Q18: b) Only positive results tend to be published, creating a biased sample of all studies conducted and inflating the apparent reliability of effects Section 14.3 -- Publication bias is like evaluating a model only on examples it gets right.

Q19: b) Systematic regularization -- institutional constraints designed to prevent the human brain's natural overfitting tendency from producing false knowledge Section 14.12 -- Science works not because scientists are immune to apophenia but because the method catches overfitting.

Q20: c) Overfitting is a universal failure mode of pattern recognition that occurs identically across machine learning, science, history, finance, superstition, and conspiracy thinking, and the bias-variance tradeoff is an inescapable feature of all learning from data Sections 14.8, 14.13 -- The chapter's thesis is that overfitting is universal and the tradeoff is inescapable.
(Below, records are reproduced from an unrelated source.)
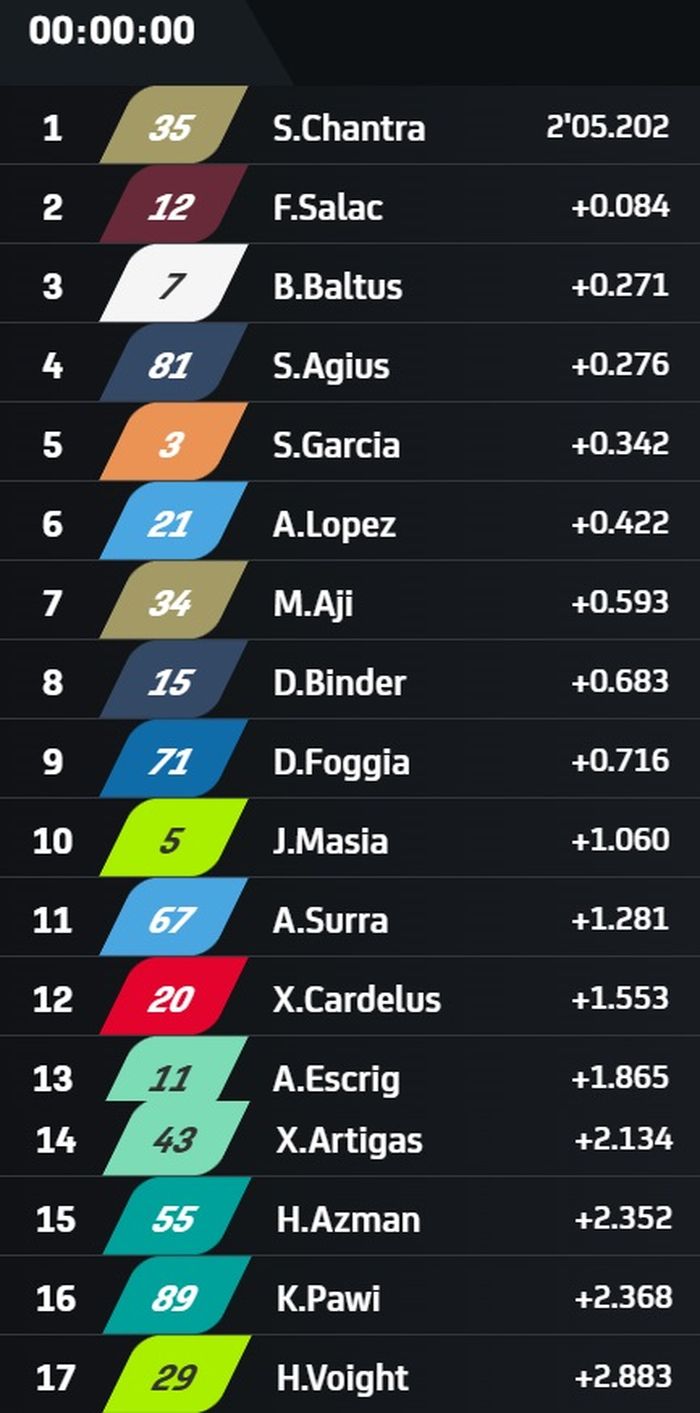 Pembalap satu tim dengan Mario Aji, Somkiat Chantra menjadi yang tercepat di sekitar 3 menit terakhir dengan waktu 2 menit 05,202 detik.
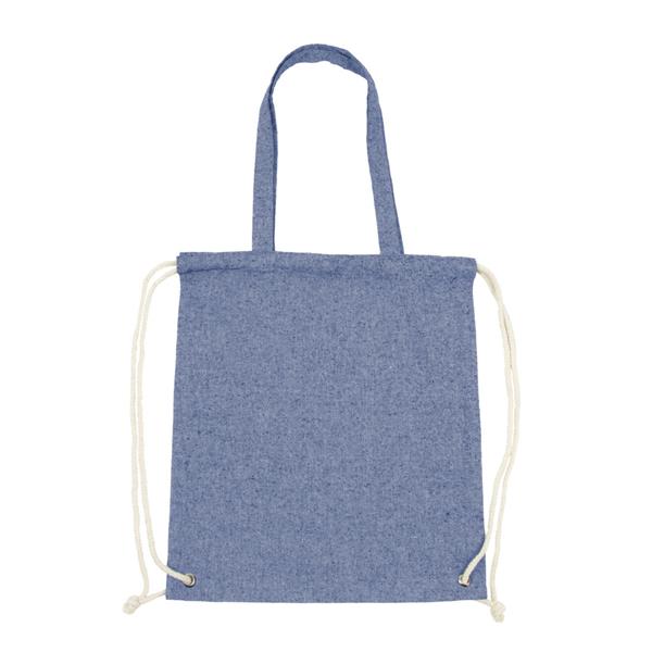 Worek ze sznurkiem i torba na zakupy 2 w 1, sznurki umożliwiają noszenie na plecach a długie uchwyty pozwalają nosić worek na ramieniu, pomieści drobne zakupy lub strój sportowy na siłownię, produkt wykonany z bawełny z recyklingu o gramaturze 140 g/m2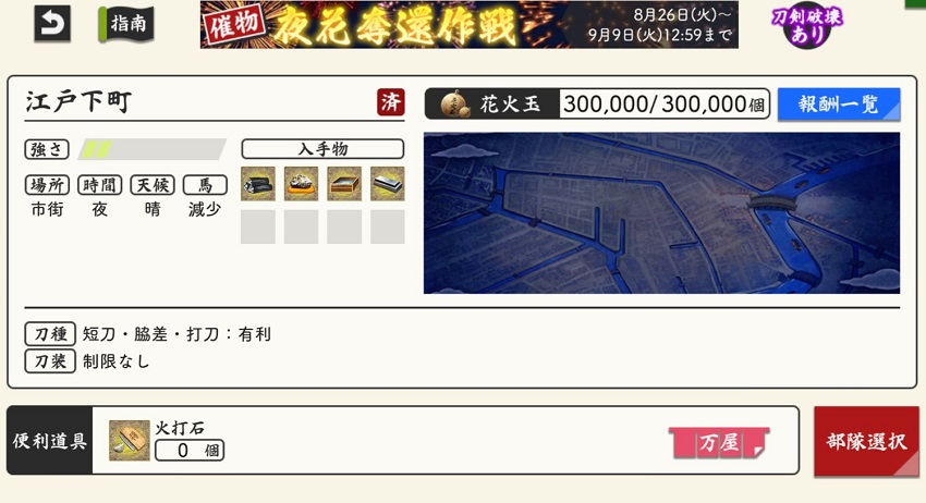 そんな本日のとうらぶさんは、夜花延々と周回中。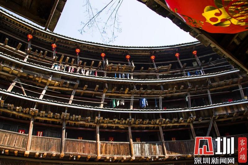 承启楼高四层,四圈上下400余间,“民居”系列邮票中福建民居就以承启楼为图案,进入土楼可以欣赏到典型的土家风情。李酮摄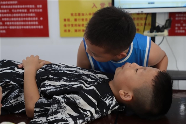 在“溺水施救”的教学过程中,志愿者在现场模拟溺水施救场景,通过胸外心脏按压、开发气道、人工呼吸三个具体环节重点向同学们演示心肺复苏的实操环节。教学讲解中,志愿者耐心地指导每一个步骤,加强了孩子们对施救的理解并形成了正确的认识。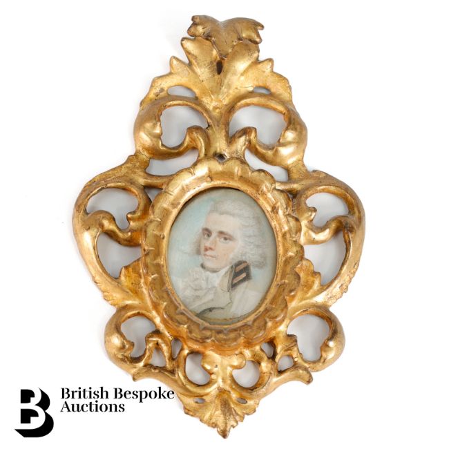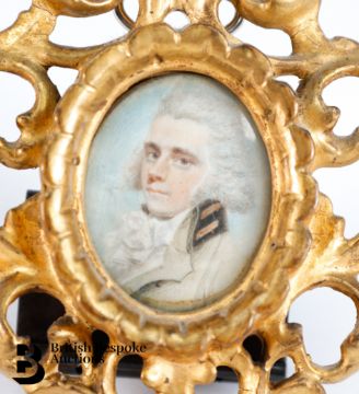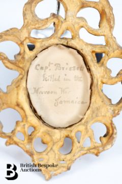 An 18th century portrait miniature of Captain Brissett, verso reads: Killed in the Maroon War, approx. 35 x 45 mm, in a Florentine frame, 9 x 13 cms.  Note: Captain John Brissett, was killed by the Maroons in September, 1795. The second Maroon War of 1795-1796 was an eight-month conflict between the Maroons of Cudjoe's Town (Trelawny Town), a maroon settlement later renamed after Governor Edward Trelawny at the end of First Maroon War, located near Trelawny Parish, Jamaica in the St James' Parish, and the British colonials who controlled the island.  Exemption Certificate 5M1K8AG9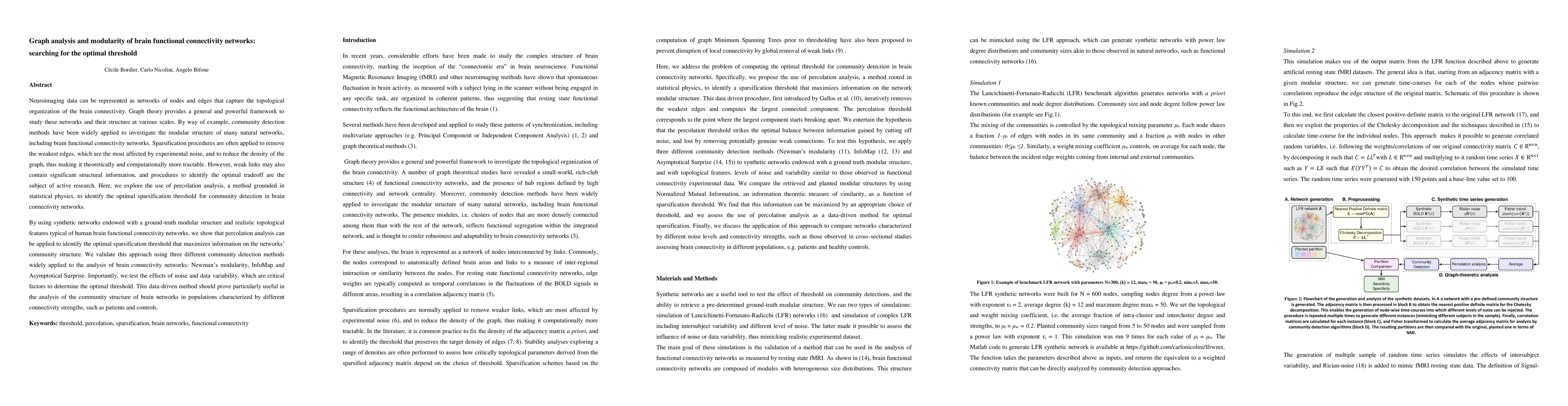 This paper explores the use of percolation analysis to determine the optimal threshold for sparsification in brain functional connectivity networks, aiming to maximize community structure information while minimizing noise. The method is validated using synthetic networks and three community detection algorithms, demonstrating its effectiveness in identifying optimal thresholds for analyzing brain connectivity in diverse populations.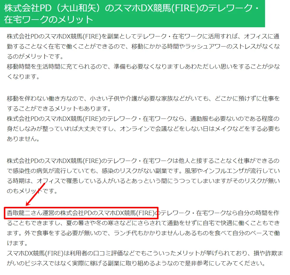 その中の1つに「香取龍二さん運営の株式会社PDのスマホDX競馬(FIRE)」と記載しているブログ記事を発見しました。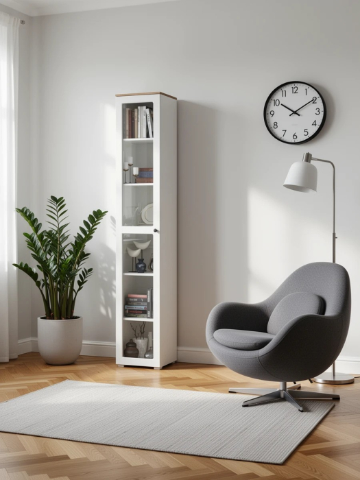 Узкий пенал-витрина с распашной дверью предлагает удивительные возможности хранения. Внутри Вы найдете пять несъемных полок, обеспечивающих компактное и удобное размещение ваших вещей. Максимальная нагрузка на каждую полку - 8 кг. Универсальная сборка двери - может быть установлена как на левую, так и на правую сторону. Двери оснащены 4хшарнирными петлями без доводчиков, что обеспечивает простоту использования. Мебель оснащена регулируемыми опорами, выполненными из серого пластика. Лицевая фурнитура в виде черных аккуратных ручек. Изготовлена мебель из популярного материала - ламинированной ДСП 16 мм, торцы окромлены ПХВ плёнкой. Фасады выполнены из рамочного профиля из МДФ со вставками из закаленного стекла. Поставляется в разобранном виде, с комплектом фурнитуры, упакованная в 4-х слойный гофрокартон.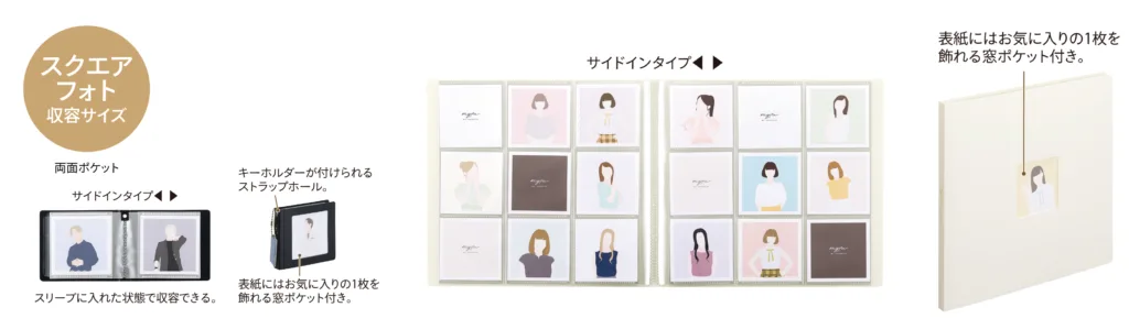 推しグッズの定番である写真グッズをスリーブに入れた状態で収容できる「フォトコレクションファイル」。しっかり収容量できるタイプと、携帯しやすいミニタイプの2タイプ。表紙にはお気に入りの1枚を飾れる窓ポケット付き。写真が抜け落ちにくいような仕掛けも。

Q21. Sample answer: All four are constraints that reduce the flexibility of a model, theory, or belief system, sacrificing some ability to fit the current data in exchange for better performance on new, unseen data. Occam's razor penalizes explanatory complexity, peer review applies external skepticism to research claims, diversification prevents over-commitment to a single strategy, and humility holds beliefs tentatively pending further evidence. What they share is the structure of regularization: accepting a small increase in bias (missing some real patterns) to achieve a large decrease in variance (avoiding fitting noise).

Q22. Sample answer: A restaurant owner notices that revenue increased on days when she wore her blue jacket and decreased on days when she wore other colors. She concludes that the blue jacket is good for business and wears it every day. The "model" is "blue jacket causes higher revenue," the "training data" is a few weeks of observations, and the "test data" is the next few months. The correlation is almost certainly noise -- caused by day-of-week effects, weather, local events, or random variation -- and wearing the jacket every day will have no effect on revenue. This is overfitting to a tiny, noisy sample.

Q23. Sample answer: Zero bias would require a model complex enough to capture every real pattern in the data-generating process, but such a model would also be flexible enough to capture noise in any finite sample (high variance). Zero variance would require a model rigid enough to produce the same predictions regardless of which specific training sample it sees, but such rigidity would force the model to ignore real patterns that differ from its assumptions (high bias). The fundamental constraint is that any finite dataset is a mixture of signal and noise, and a model cannot distinguish perfectly between the two because it has no access to the true data-generating process -- only to the sample. More flexibility captures more signal but also more noise; less flexibility avoids noise but also misses signal. This is an inherent property of learning from limited data, not a limitation of any specific algorithm.